MONTREAL -- Doctors, teachers, parents and many, many others are anxious for an update on Quebec's lockdown plans, and they may soon get what they want: a rare 5 p.m. press conference now scheduled for Wednesday.

Late Monday afternoon, the province announced that Premier François Legault would be speaking on Tuesday at 5 p.m., along with Health Minister Christian Dubé and Public Health Director Dr. Horacio Arruda. A couple of hours later, a second announcement said the event had been rescheduled for the following day.

CTV has confirmed that the government is considering a strict lockdown, possibly accompanied by a nighttime curfew, which would make it the first Canadian province to take that measure.

A La Presse report claims that according to government sources, the lockdown will begin Saturday and will affect schools, offices, construction and manufacturing. Only basic necessities such as grocery stores and pharmacies would remain open.

In recent months, late-afternoon press conferences are fairly unusual and tend to be reserved for big announcements, unlike the daily COVID-19 updates, which are generally scheduled for 1 p.m. 

The press conference will come after a meeting with the leaders of the provincial opposition parties, and it will be held virtually, another somewhat rare move for Legault, Dubé and Arruda.

Reports say consultations are underway Tuesday about how the province would enforce a lockdown, as well as the duration of a nightly curfew. According to La Presse, it would likely be in place from 8 or 9 p.m. and through to the next morning, with exceptions -- possibly in the way of passes -- for essential workers. 

After a brief post-New Year's pause in announcing daily COVID-19 numbers, recent statistics have been updated and they don't look good for Quebec.

Monday brought 2,546 new cases of the virus in the past 24 hours and 69 more hospitalizations, and Tuesday brought another 2,508 cases and 62 deaths. Quebec has returned to being Canada's COVID-19 hot spot, with a case rate per capita that's higher than any other province or territory.
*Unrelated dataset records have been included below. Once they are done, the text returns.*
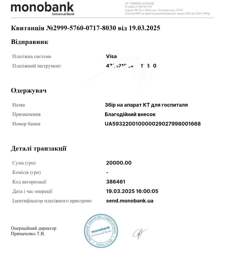 Аверьянова перевела 20 тыс. грн на покупку томографа.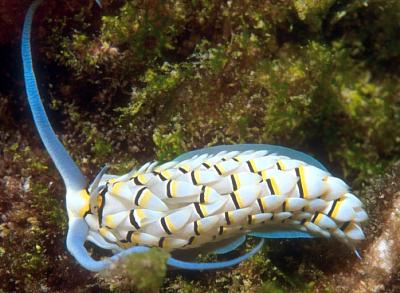 I finally came across another Cerberilla here in the Marshall Islands. I am assuming these are the same as the Cerberilla sp. 3 I sent a while back, although there are a couple of differences. It does not exhibit the black tips of the cephalic tentacles seen in the earlier specimens from Enewetak and Guam. The new specimen also has much more distinct yellow bands above the black ones on the cerata, providing a bit more evidence that it may be C. annulata. This specimen was found in Kwajalein's harbor, crawling on sand at a depth of about 1 meter. It measured about 20mm, a bit over half the length of the Cerberilla sp. 3 sent earlier.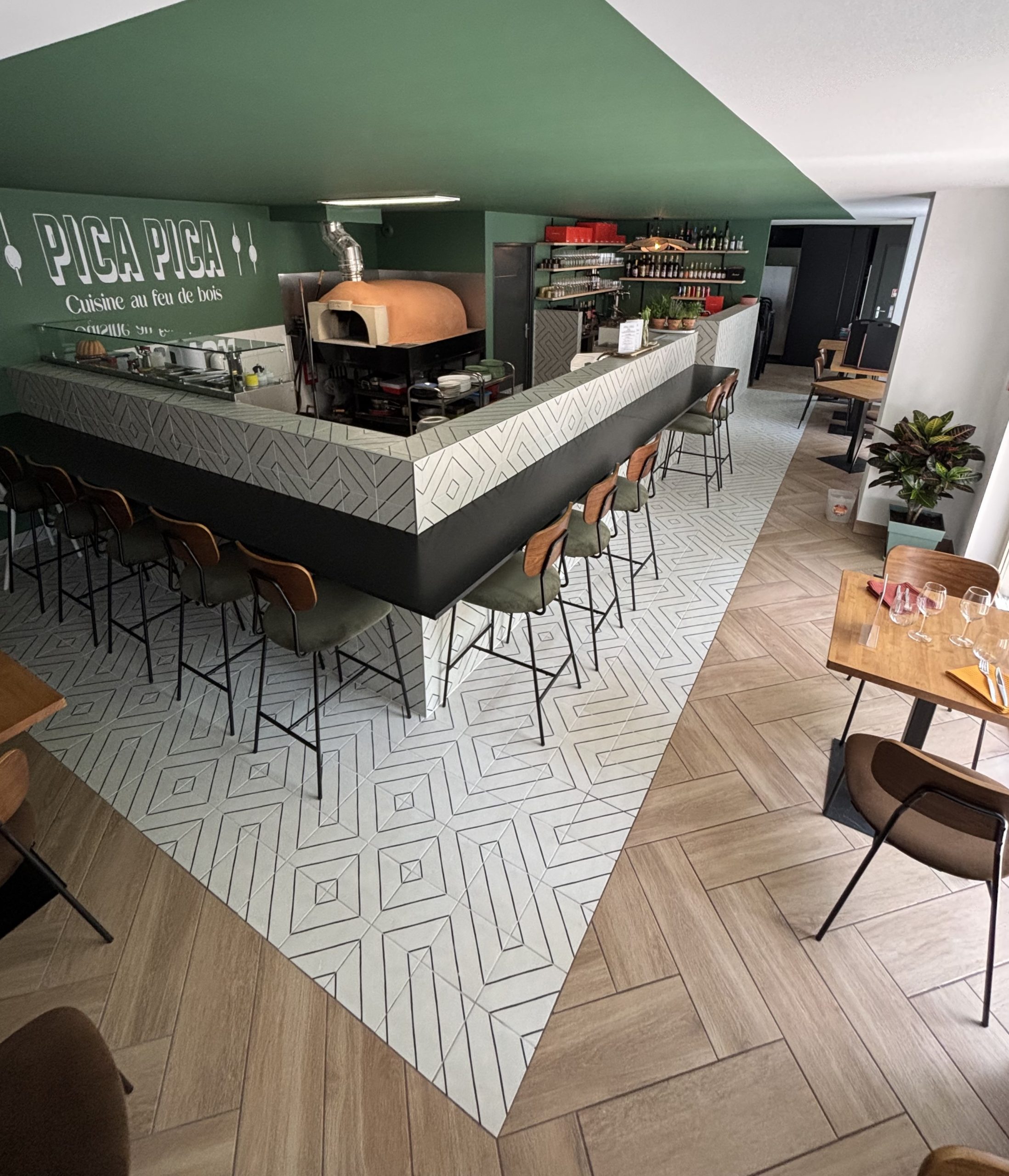 In La Roche-de-Glun onderging restaurant PICA PICA in 2025 een inrichting die bedoeld was om de ruimtes te structureren en tegelijkertijd een sterke visuele identiteit te creëren.

The province's circuit-breaker "pause" is currently scheduled to end on Jan. 11. Also on Monday, several infectious diseases experts urged the province to delay ending the lockdown, or at least to delay reopening schools.

On Monday, the United Kingdom imposed a new containment order, while in France, curfews have just been brought forward from 8 p.m. to 6 p.m. in some areas in the east of the country.
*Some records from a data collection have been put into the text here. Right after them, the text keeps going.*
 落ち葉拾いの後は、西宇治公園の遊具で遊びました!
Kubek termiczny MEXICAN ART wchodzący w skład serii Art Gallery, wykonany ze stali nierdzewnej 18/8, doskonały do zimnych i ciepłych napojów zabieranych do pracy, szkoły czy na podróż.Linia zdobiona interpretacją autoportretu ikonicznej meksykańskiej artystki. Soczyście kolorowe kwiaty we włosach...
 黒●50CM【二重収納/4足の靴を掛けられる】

A lockdown is the only solution as cases and hospitalizations continue to rise, said MUHC emergency room doctor Mitch Shulman, though he said it’s a last resort due to what he perceives a failures on the government’s part.

“A lockdown is not the best way of dealing with this situation,” he said, adding that the best results comes from “a lot of testing on a regular basis, rapid return of results, rapid contact of people who’ve potentially been exposed and isolation. That works.” 

“A lockdown becomes necessary when you have failed in that other alternative and then you have no choice. You have to lock down because you have failed.”

Shulman said, however, that a government decree won’t make a difference – it’s up to individuals to take heed.

“A lockdown is only as effective as the people who follow it. At the end of the day, the government can decree what it wants, but if we don’t do what we need to do as individuals, all of us, then no lockdown is going to make a difference,” he said.